**PROBLEM DESCRIPTION:**
Below are entries. Give back exactly the lines from the one containing "1. В прямоугольной" through the one containing "These huggie hoop", inclusive, without the pictures.

Data entries
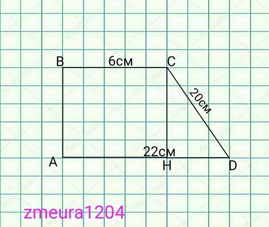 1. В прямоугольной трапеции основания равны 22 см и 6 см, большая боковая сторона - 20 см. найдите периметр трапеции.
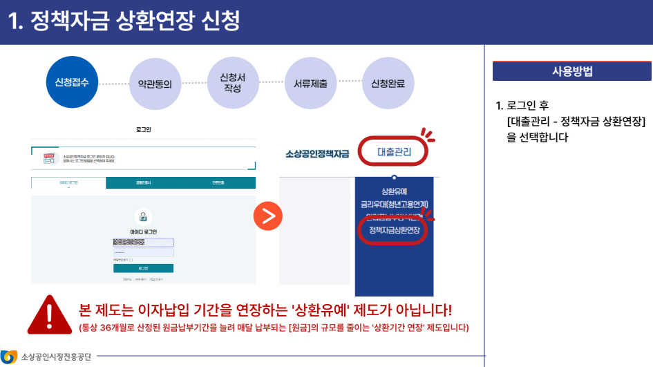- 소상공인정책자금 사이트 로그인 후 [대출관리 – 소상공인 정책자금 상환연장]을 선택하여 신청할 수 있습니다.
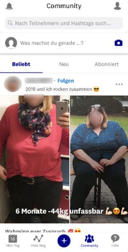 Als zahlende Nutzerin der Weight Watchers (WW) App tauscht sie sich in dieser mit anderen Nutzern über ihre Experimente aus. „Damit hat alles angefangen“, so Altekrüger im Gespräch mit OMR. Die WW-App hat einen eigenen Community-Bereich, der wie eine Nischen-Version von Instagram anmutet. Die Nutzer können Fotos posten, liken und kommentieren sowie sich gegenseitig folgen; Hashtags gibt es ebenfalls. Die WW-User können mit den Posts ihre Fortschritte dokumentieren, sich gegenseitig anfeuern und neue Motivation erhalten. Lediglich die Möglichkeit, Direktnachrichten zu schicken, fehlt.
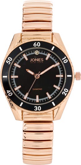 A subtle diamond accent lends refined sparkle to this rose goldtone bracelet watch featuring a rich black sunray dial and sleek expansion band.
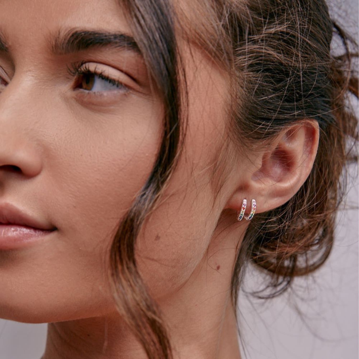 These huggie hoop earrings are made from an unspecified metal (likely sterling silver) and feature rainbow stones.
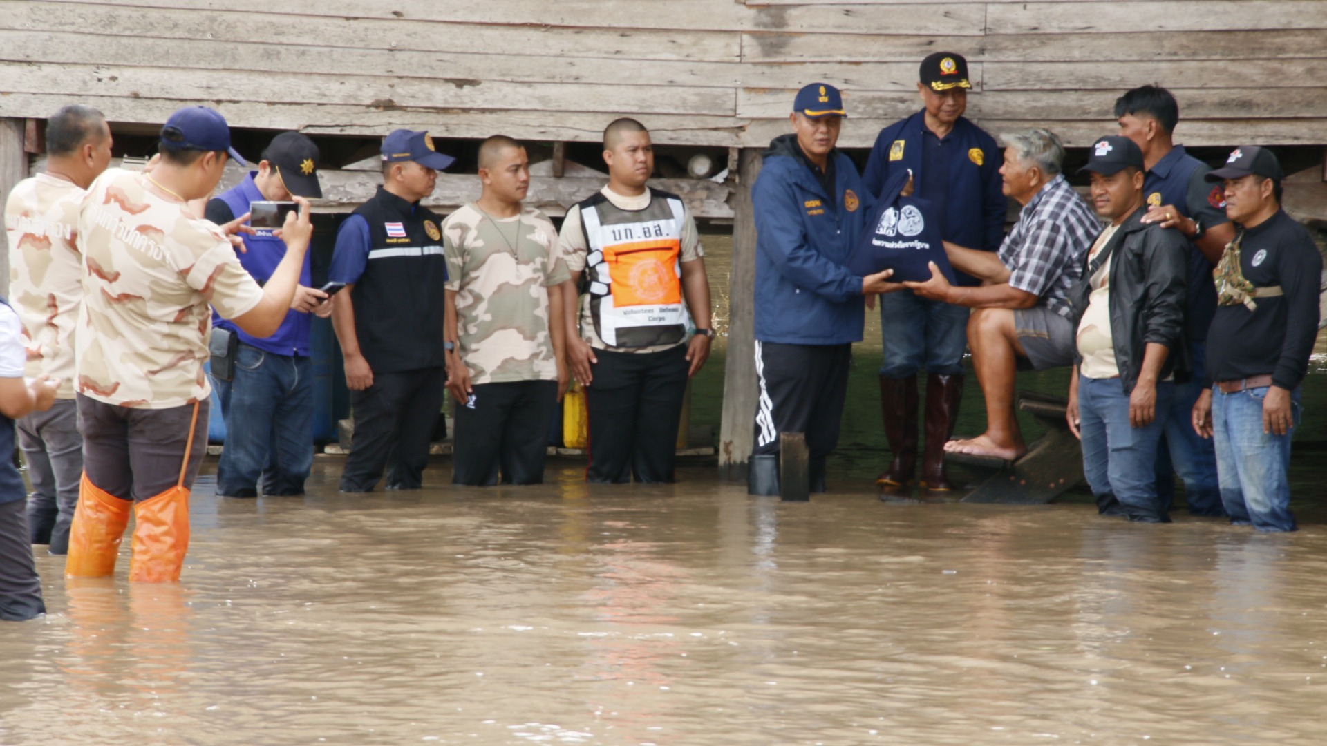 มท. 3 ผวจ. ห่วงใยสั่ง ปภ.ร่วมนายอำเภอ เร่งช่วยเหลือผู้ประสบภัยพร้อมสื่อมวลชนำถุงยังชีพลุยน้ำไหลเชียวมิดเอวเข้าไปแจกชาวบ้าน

* * *

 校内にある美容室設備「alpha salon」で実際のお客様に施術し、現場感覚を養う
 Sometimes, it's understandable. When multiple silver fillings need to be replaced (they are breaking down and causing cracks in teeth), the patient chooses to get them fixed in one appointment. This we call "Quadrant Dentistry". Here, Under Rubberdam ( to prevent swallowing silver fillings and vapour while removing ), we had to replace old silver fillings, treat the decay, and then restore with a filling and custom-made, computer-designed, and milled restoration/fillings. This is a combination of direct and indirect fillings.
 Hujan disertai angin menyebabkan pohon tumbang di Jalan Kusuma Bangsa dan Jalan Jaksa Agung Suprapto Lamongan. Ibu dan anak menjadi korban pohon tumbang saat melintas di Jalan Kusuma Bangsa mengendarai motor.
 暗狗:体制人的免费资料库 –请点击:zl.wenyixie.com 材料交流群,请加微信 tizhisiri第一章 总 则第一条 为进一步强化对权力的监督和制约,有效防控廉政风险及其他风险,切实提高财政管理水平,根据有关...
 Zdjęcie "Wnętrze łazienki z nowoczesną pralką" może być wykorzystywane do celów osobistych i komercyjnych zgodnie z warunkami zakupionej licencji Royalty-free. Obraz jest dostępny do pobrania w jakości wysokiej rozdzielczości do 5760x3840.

* * *

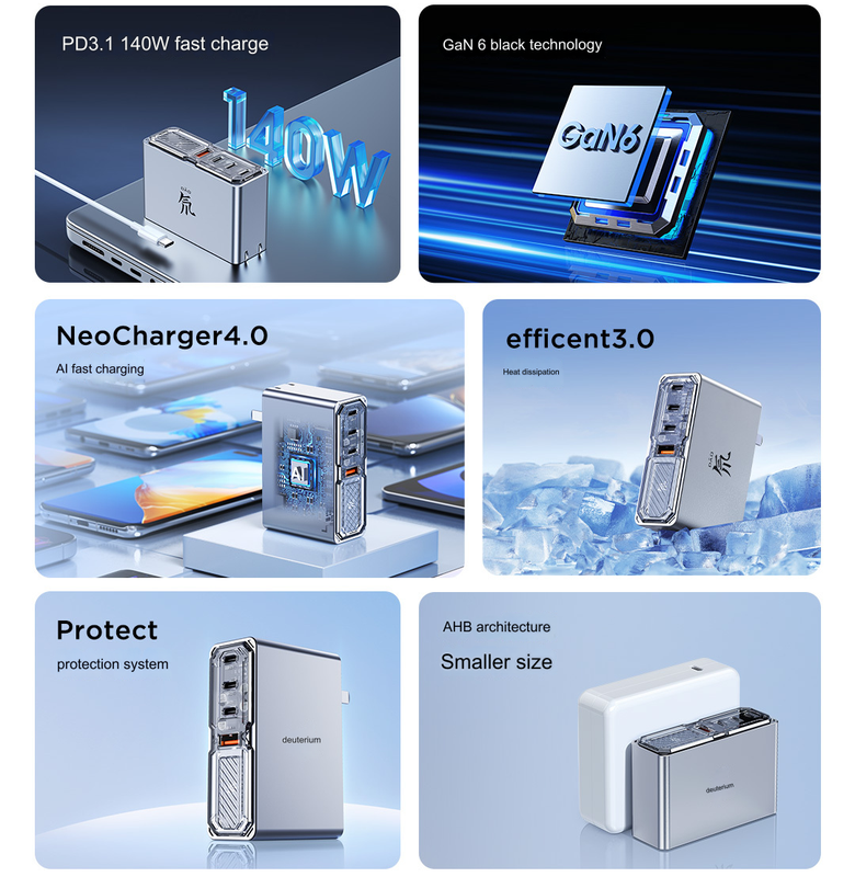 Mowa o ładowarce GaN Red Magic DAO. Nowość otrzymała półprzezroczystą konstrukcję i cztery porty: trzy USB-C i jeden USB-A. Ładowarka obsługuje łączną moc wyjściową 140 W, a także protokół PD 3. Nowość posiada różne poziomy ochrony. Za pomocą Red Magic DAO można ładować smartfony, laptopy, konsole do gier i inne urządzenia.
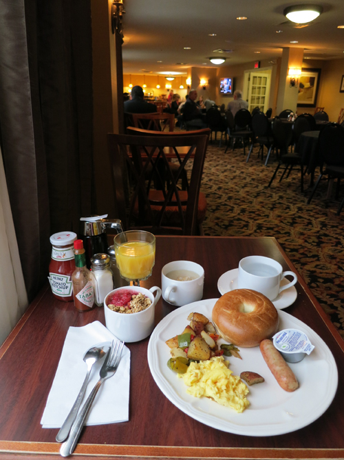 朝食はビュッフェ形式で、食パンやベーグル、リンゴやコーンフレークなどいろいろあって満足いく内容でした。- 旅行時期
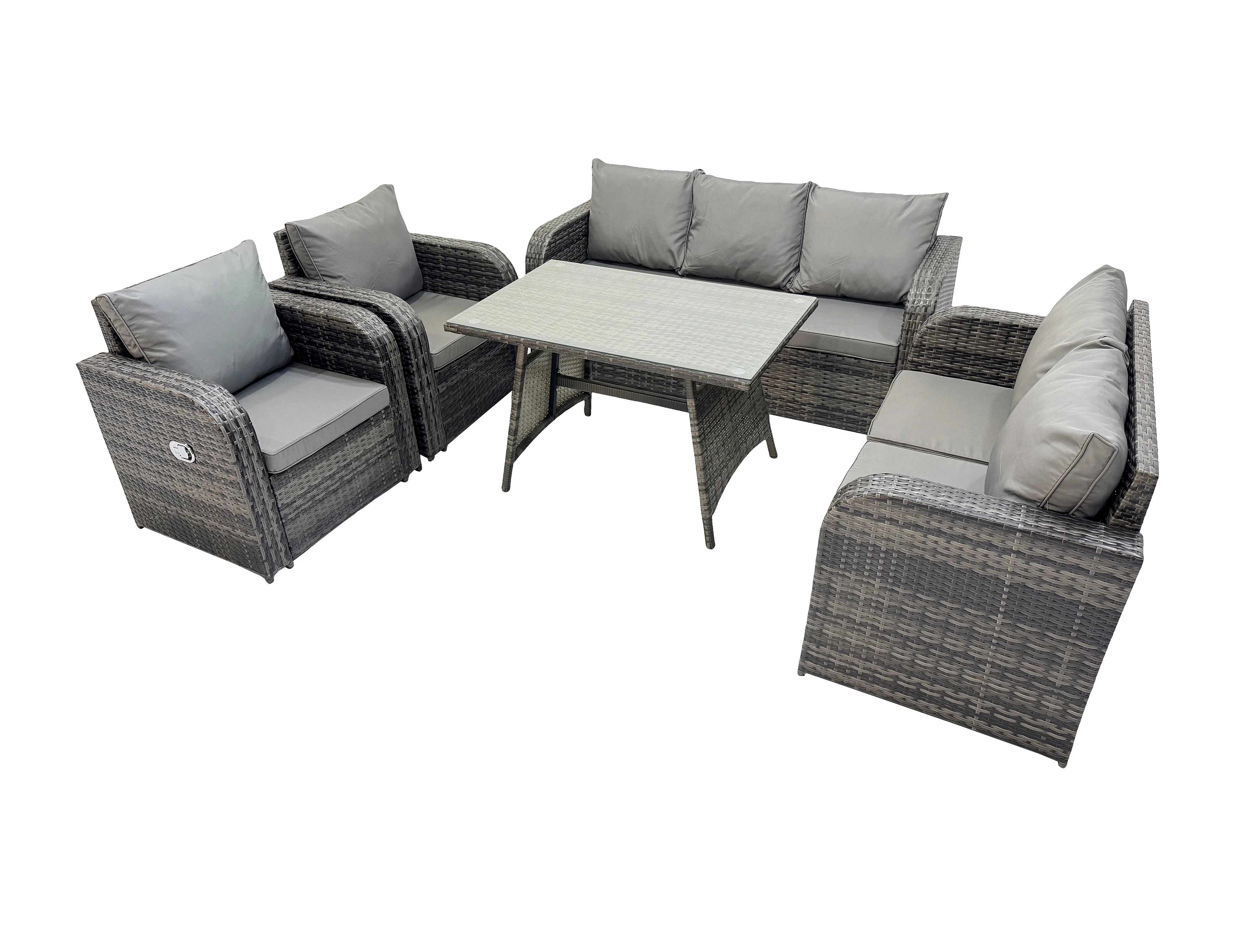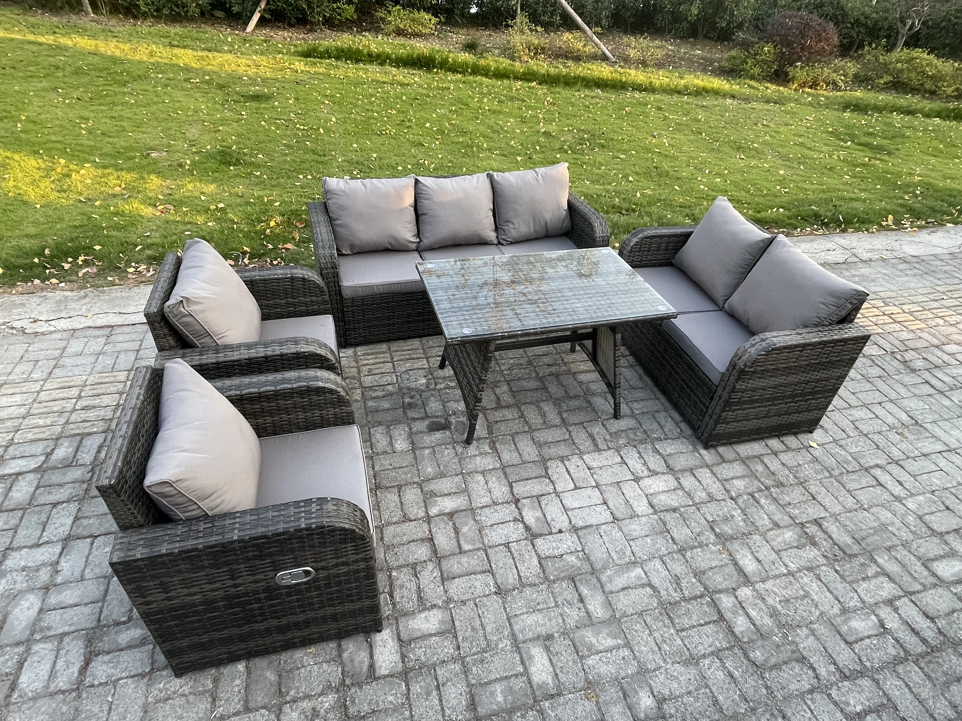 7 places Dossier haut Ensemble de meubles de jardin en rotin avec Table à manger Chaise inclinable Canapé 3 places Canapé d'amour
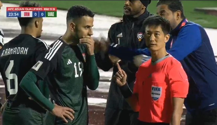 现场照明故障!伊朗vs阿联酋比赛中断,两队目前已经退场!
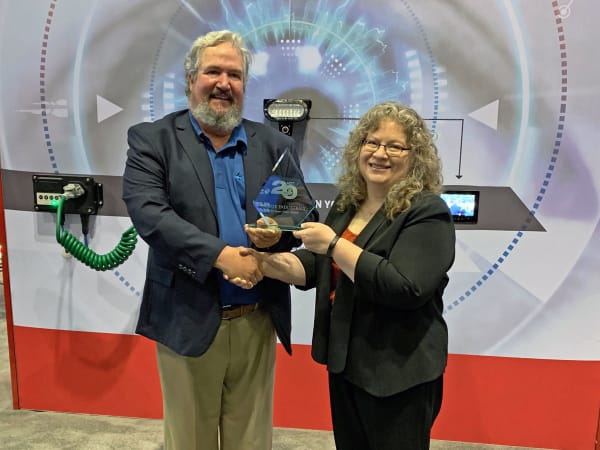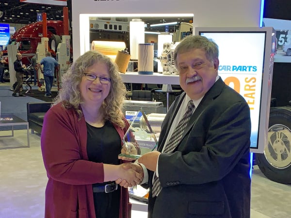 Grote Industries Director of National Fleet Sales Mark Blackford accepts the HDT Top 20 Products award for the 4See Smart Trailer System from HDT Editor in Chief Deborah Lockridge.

**ANSWER TO THIS TASK:**
 1. В прямоугольной трапеции основания равны 22 см и 6 см, большая боковая сторона - 20 см. найдите периметр трапеции.
- 소상공인정책자금 사이트 로그인 후 [대출관리 – 소상공인 정책자금 상환연장]을 선택하여 신청할 수 있습니다.
 Als zahlende Nutzerin der Weight Watchers (WW) App tauscht sie sich in dieser mit anderen Nutzern über ihre Experimente aus. „Damit hat alles angefangen“, so Altekrüger im Gespräch mit OMR. Die WW-App hat einen eigenen Community-Bereich, der wie eine Nischen-Version von Instagram anmutet. Die Nutzer können Fotos posten, liken und kommentieren sowie sich gegenseitig folgen; Hashtags gibt es ebenfalls. Die WW-User können mit den Posts ihre Fortschritte dokumentieren, sich gegenseitig anfeuern und neue Motivation erhalten. Lediglich die Möglichkeit, Direktnachrichten zu schicken, fehlt.
 A subtle diamond accent lends refined sparkle to this rose goldtone bracelet watch featuring a rich black sunray dial and sleek expansion band.
 These huggie hoop earrings are made from an unspecified metal (likely sterling silver) and feature rainbow stones.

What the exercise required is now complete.